** DATA BELOW follows **

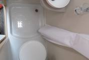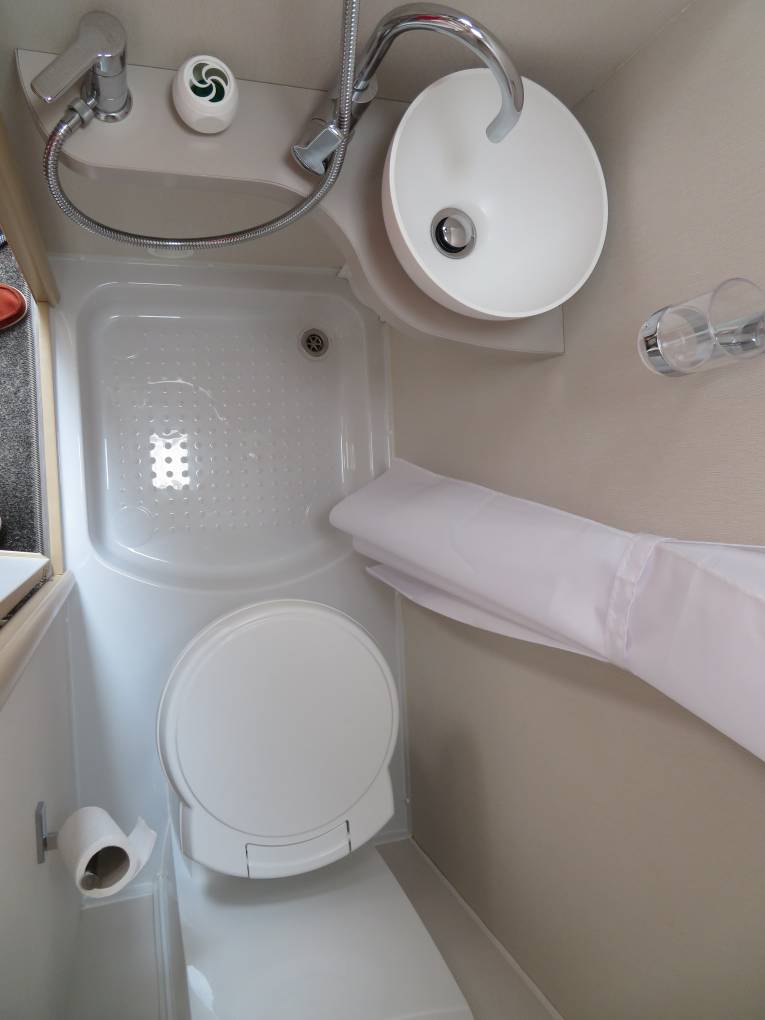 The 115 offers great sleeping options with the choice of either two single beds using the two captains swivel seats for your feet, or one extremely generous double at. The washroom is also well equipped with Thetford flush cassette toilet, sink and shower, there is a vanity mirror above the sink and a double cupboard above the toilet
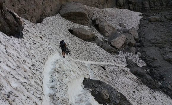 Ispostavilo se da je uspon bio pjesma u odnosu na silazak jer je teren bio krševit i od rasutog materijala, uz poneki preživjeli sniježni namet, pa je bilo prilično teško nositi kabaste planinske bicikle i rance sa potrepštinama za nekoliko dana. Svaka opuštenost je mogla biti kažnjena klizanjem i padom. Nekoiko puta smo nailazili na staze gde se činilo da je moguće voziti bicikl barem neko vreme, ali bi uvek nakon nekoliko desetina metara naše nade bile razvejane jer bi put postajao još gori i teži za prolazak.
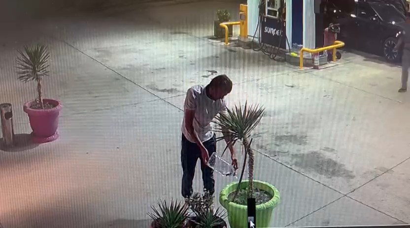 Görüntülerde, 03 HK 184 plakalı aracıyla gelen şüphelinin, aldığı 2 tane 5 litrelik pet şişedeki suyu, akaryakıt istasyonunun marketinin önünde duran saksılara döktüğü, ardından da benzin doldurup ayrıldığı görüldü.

** End of DATA BELOW **

→ **TASK DESCRIPTION**
Only the lines from the one containing "Ispostavilo se da" through the last line of the data above, both included, belong in the reply, each restated exactly and without pictures.

→ **THE ANSWER**
 Ispostavilo se da je uspon bio pjesma u odnosu na silazak jer je teren bio krševit i od rasutog materijala, uz poneki preživjeli sniježni namet, pa je bilo prilično teško nositi kabaste planinske bicikle i rance sa potrepštinama za nekoliko dana. Svaka opuštenost je mogla biti kažnjena klizanjem i padom. Nekoiko puta smo nailazili na staze gde se činilo da je moguće voziti bicikl barem neko vreme, ali bi uvek nakon nekoliko desetina metara naše nade bile razvejane jer bi put postajao još gori i teži za prolazak.
 Görüntülerde, 03 HK 184 plakalı aracıyla gelen şüphelinin, aldığı 2 tane 5 litrelik pet şişedeki suyu, akaryakıt istasyonunun marketinin önünde duran saksılara döktüğü, ardından da benzin doldurup ayrıldığı görüldü.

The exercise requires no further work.